Record set —
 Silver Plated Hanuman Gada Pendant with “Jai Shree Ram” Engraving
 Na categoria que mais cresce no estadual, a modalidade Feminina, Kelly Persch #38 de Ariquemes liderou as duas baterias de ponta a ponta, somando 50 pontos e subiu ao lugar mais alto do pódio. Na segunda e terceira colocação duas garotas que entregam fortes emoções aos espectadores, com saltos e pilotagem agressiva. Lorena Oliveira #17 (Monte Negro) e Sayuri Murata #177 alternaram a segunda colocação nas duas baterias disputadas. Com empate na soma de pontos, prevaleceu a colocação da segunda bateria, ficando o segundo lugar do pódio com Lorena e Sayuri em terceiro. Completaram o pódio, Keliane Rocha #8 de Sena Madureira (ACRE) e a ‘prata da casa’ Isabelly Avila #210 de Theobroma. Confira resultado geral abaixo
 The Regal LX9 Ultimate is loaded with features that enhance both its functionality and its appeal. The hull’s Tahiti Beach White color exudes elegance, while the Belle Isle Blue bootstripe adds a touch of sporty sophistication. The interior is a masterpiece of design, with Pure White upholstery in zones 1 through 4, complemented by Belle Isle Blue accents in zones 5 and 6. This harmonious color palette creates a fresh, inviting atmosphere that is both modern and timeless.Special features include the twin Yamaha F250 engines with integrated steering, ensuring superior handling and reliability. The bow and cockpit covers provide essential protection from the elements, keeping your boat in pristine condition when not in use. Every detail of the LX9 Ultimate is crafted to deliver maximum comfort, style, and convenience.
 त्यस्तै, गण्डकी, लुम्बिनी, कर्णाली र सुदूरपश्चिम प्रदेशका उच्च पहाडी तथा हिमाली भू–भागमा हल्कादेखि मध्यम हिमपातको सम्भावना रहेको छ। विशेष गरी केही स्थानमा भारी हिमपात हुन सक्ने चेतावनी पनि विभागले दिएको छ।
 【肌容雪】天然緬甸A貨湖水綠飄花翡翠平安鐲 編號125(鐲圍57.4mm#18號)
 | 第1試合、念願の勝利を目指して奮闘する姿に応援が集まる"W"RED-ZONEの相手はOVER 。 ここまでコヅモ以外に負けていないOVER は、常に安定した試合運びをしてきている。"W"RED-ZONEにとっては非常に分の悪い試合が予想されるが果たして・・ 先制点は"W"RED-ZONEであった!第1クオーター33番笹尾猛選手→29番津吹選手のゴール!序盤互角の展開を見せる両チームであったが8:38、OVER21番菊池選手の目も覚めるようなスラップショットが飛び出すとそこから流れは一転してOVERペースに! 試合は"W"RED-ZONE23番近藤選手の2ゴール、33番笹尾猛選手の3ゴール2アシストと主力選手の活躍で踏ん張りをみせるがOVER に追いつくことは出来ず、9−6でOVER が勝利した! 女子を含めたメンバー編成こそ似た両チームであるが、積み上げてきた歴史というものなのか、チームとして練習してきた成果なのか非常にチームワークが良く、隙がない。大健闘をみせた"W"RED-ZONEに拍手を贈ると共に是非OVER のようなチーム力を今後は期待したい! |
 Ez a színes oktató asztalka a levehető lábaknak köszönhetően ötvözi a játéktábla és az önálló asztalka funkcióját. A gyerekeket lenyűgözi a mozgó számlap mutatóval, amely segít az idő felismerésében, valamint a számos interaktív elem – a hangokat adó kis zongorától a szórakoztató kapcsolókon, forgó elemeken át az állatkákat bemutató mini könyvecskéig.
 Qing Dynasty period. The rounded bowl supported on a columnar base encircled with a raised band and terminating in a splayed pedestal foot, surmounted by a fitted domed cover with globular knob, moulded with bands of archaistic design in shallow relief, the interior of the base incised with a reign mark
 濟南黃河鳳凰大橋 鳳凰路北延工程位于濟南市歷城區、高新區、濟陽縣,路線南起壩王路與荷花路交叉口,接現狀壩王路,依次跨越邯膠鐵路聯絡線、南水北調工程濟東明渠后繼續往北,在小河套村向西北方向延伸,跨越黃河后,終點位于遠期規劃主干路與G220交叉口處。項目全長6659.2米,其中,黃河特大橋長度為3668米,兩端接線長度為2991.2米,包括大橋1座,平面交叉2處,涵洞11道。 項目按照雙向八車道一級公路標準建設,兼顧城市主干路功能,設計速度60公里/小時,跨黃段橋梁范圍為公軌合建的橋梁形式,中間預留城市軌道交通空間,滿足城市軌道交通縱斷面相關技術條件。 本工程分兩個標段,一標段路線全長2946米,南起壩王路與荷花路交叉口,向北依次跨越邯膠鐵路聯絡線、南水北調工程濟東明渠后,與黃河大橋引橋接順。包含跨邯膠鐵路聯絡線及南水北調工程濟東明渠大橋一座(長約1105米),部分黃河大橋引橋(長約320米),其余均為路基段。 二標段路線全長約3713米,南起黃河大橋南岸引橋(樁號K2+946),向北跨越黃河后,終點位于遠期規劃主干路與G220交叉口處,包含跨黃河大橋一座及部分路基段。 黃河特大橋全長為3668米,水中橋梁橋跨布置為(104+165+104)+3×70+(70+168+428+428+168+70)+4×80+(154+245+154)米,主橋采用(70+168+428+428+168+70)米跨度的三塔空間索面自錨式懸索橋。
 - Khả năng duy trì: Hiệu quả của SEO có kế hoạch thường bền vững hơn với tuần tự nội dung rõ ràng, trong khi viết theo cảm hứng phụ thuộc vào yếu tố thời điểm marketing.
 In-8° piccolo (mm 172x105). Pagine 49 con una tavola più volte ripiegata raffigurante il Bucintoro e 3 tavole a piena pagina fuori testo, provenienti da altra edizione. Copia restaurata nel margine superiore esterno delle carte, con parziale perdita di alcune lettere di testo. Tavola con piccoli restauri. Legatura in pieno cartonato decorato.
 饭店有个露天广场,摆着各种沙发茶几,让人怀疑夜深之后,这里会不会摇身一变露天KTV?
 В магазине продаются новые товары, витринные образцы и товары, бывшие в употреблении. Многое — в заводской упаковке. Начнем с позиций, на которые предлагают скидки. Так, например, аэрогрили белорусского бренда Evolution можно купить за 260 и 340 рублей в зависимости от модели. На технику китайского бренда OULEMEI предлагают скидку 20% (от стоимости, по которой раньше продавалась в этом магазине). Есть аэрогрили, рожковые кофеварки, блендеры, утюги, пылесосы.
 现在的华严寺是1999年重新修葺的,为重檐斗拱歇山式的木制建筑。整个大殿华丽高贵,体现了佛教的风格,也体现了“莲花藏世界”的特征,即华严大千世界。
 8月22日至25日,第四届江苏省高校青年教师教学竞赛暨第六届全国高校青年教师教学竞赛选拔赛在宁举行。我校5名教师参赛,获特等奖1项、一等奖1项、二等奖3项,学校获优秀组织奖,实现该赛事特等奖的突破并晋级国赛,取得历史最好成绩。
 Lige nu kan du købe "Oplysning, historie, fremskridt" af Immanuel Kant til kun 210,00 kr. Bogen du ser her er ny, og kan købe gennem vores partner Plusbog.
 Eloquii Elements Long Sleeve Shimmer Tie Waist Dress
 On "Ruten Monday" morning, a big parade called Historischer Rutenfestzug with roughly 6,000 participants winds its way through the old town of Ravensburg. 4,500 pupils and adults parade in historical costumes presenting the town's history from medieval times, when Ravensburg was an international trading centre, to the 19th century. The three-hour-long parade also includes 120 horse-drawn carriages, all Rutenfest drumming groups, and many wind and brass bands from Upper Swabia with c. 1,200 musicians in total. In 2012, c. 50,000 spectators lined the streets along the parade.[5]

What you will do — Repeat exactly the lines of the listing above, from the one with "В магазине продаются" down to the one with "8月22日至25日,第四届江"; both of those lines belong in the range.

Written answer —
 В магазине продаются новые товары, витринные образцы и товары, бывшие в употреблении. Многое — в заводской упаковке. Начнем с позиций, на которые предлагают скидки. Так, например, аэрогрили белорусского бренда Evolution можно купить за 260 и 340 рублей в зависимости от модели. На технику китайского бренда OULEMEI предлагают скидку 20% (от стоимости, по которой раньше продавалась в этом магазине). Есть аэрогрили, рожковые кофеварки, блендеры, утюги, пылесосы.
 现在的华严寺是1999年重新修葺的,为重檐斗拱歇山式的木制建筑。整个大殿华丽高贵,体现了佛教的风格,也体现了“莲花藏世界”的特征,即华严大千世界。
 8月22日至25日,第四届江苏省高校青年教师教学竞赛暨第六届全国高校青年教师教学竞赛选拔赛在宁举行。我校5名教师参赛,获特等奖1项、一等奖1项、二等奖3项,学校获优秀组织奖,实现该赛事特等奖的突破并晋级国赛,取得历史最好成绩。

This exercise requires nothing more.